Compass Diversified (CODI) reported Q1 FY2026 results and provided updated full‑year guidance after completing the sale of Sterno's food service business. Key takeaways for investors:
- Strategic actions: Sold Sterno food service business at an attractive valuation and completed a sale‑leaseback at Altor; initiated a review of the management services agreement (MSA) to better align incentives. Proceeds were used to materially reduce debt.
- Deleveraging progress: Repaid more than $280 million of senior secured term loan debt, reducing total leverage to ~5.0x and senior secured net leverage to below 1x; covenant leverage at quarter‑end was ~5.3x. Management’s near‑term milestone is getting below 4x leverage and long‑term target is ~3.0–3.5x.
- Financial performance: Q1 subsidiary adjusted EBITDA was $83.9M, up 6.3% YoY (Consumer +11.6%, Industrial -4.5%). GAAP net loss from continuing operations was $30.8M (improved vs prior year, aided by exclusion of Lugano losses).
- Business highlights: Consumer segment led growth — Honey Pot delivered ~25% revenue growth and >40% EBITDA growth, BOA showed revenue +6.5% and EBITDA +11%, 5.11 Tactical produced solid margins and cash flow, PrimaLoft’s new leadership is early in the turnaround. Industrial: Arnold nearly doubled EBITDA (benefitting from demand for non‑China rare earth sourcing); Altor faced headwinds in cold chain/appliance markets. Rimports (the retained Sterno remainder) will face transition headwinds in 2026 (stranded costs, customer negotiations) with improvement expected in 2027.
- Cash flow and liquidity: Generated $23.9M operating cash flow in Q1; ended quarter with $65M cash and near‑full availability on $100M revolver. CapEx guidance for 2026 remains $30–$40M.
- Guidance: 2026 subsidiary adjusted EBITDA expected to be $320M–$365M (Consumer $225M–$260M; Industrial $95M–$105M), reflecting the Sterno sale and stranded costs. Corporate cash management fees expected $25M–$30M for the year. Guidance excludes future M&A activity and uncertain trade impacts.

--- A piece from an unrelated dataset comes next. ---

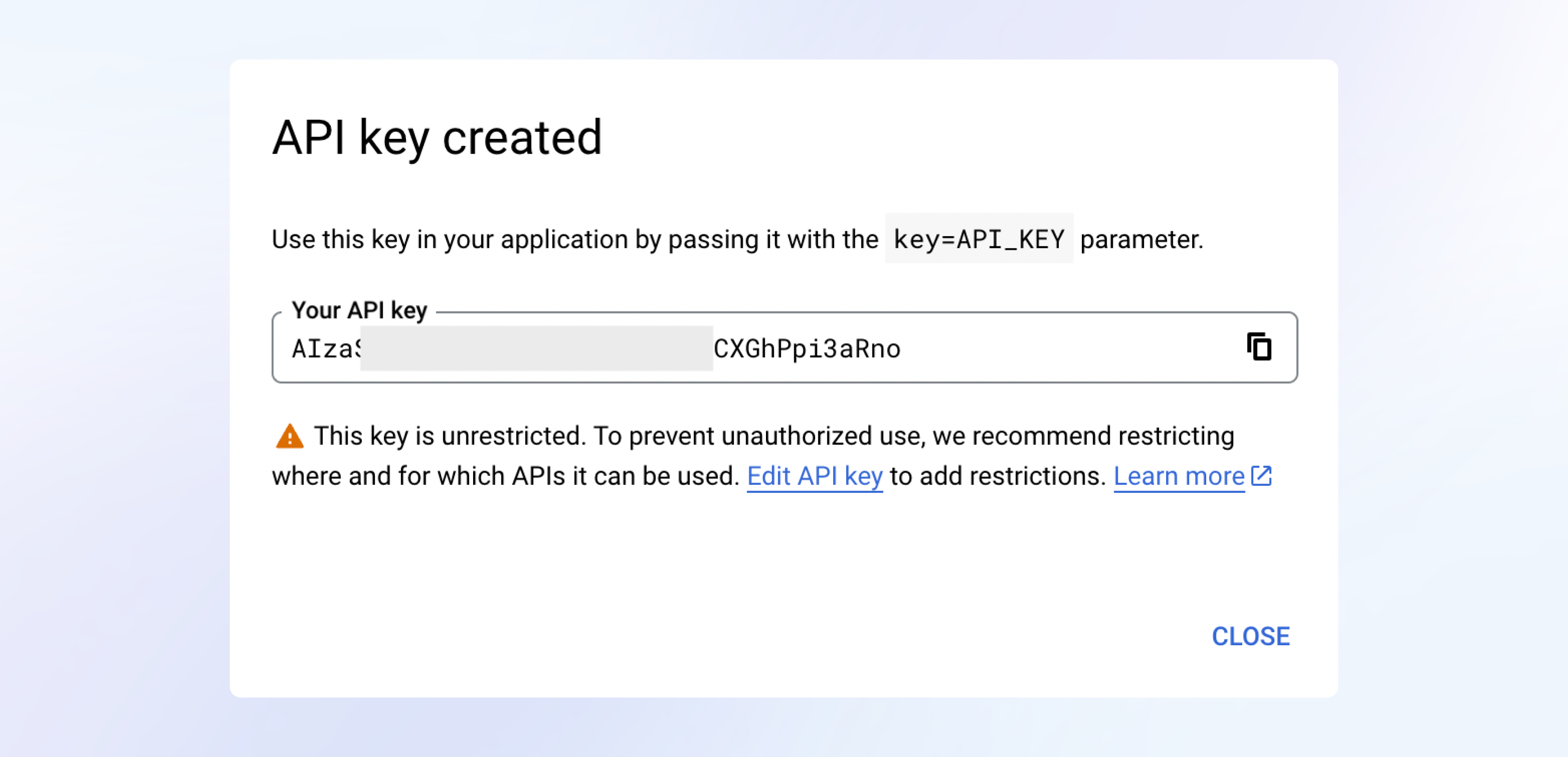 Нажмите кнопку «Create Key», чтобы завершить создание ключа.

- Other items: Ongoing Lugano Chapter 11 process (timing/impact to be clearer by end of Q2). Management expects some tariff‑related refunds during 2026 but timing and magnitude are uncertain; any one‑time refunds will be disclosed when realized.
Overall, management emphasized execution: continued focus on deleveraging, improving operational performance, aligning management incentives (MSA review), and ultimately closing the gap between current share price and intrinsic value (including potential capital return once leverage is reduced).